Toward the end of the American Civil War, a bullet fired by a Confederate-turned-Yankee soldier, cut short the life and military career of one of the South's most gallant generals, John Hunt Morgan. At the time, the dashing Morgan was one of the best-loved generals of the Confederacy, but now, over 150 years later, his story is all but forgotten. 

With that in mind, singer-songwriter David Ray Skinner has written John Hunt Morgan: A Southern Legend, a novel-in-music to chronicle Morgan's war-time exploits. In 1997, the 19-song collection was nominated for Gettysburg College's Lincoln Prize, an annual award presented for the finest scholarly work on the era of the American Civil War.

The story begins and ends in a musical circle with the death of Morgan on a Greeneville, Tennessee street.
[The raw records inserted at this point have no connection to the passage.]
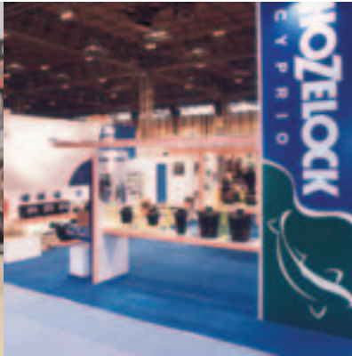
Exhibition stand FOREX®classic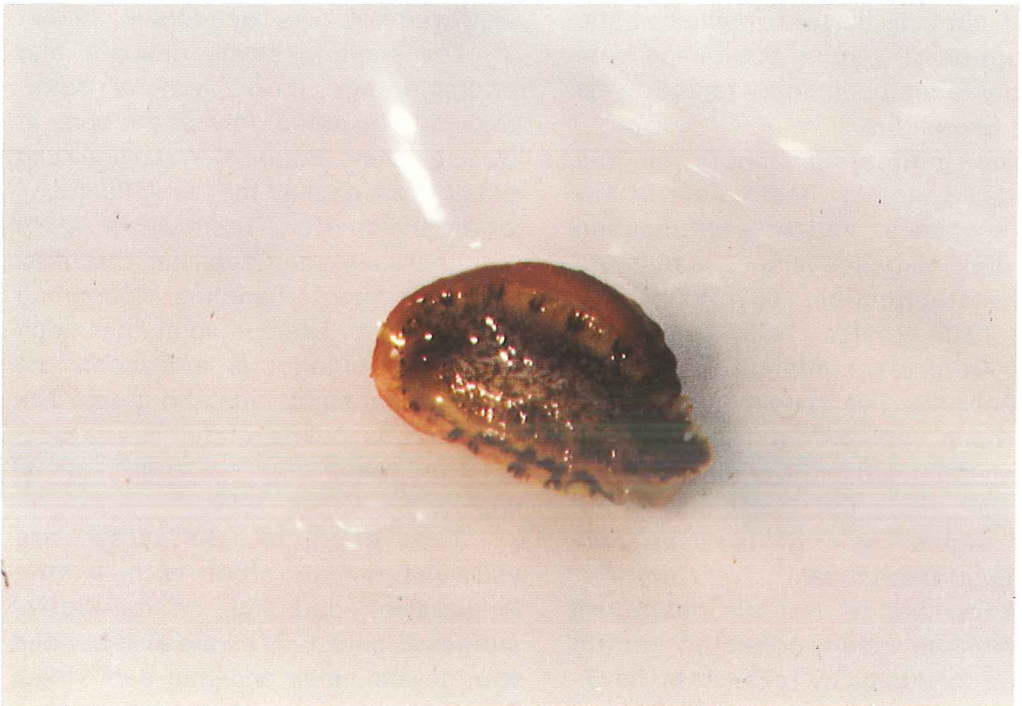
Figure 2. Ventral view of Haliotis pourtalesii Dall, 1881. Note that foot is folded medially.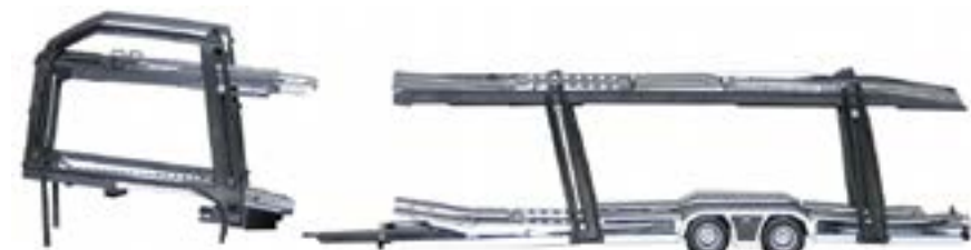
# 5445 - Car carrier superstructure and trailer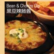
Bean & Chorizo Dip 黑豆辣肠酱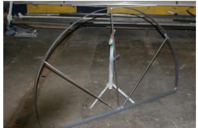
June Bug Construction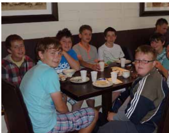
Geography Pupils on the Olympic trip in London.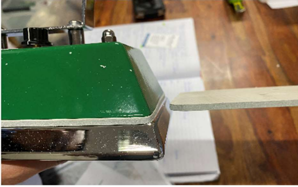
Figure 3: Insulating layer in situ.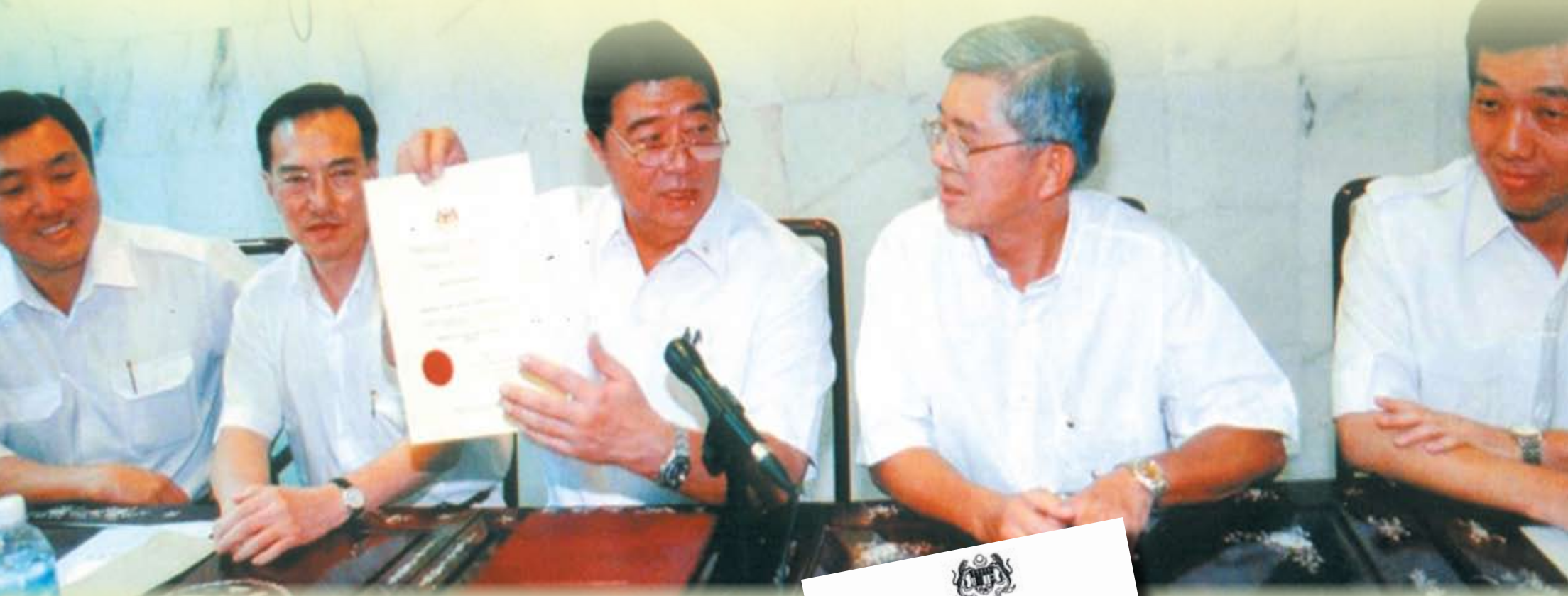
Dr Ling showing the offer letter from the Education Minister

The songs cover a wide array of incidents and people including: his first wife, Becky; his trusted brother-in-law and second-in-command, Basil Duke; his second wife and love of his life, Mattie; and his pursuit of the destruction of the L&N Railroad, a major line of supply for the Union army occupying Tennessee.

The collection also includes a song about Morgan which was originally a poem written by Duke as well as a love song which was taken from the letters Morgan wrote to Mattie from his prison cell. There's also a song about his capture in Ohio, and one about his subsequent escape.

The musical styles range from acoustic folk and Kentucky bluegrass to electric southern rock and eclectic Appalachian a cappella gospel.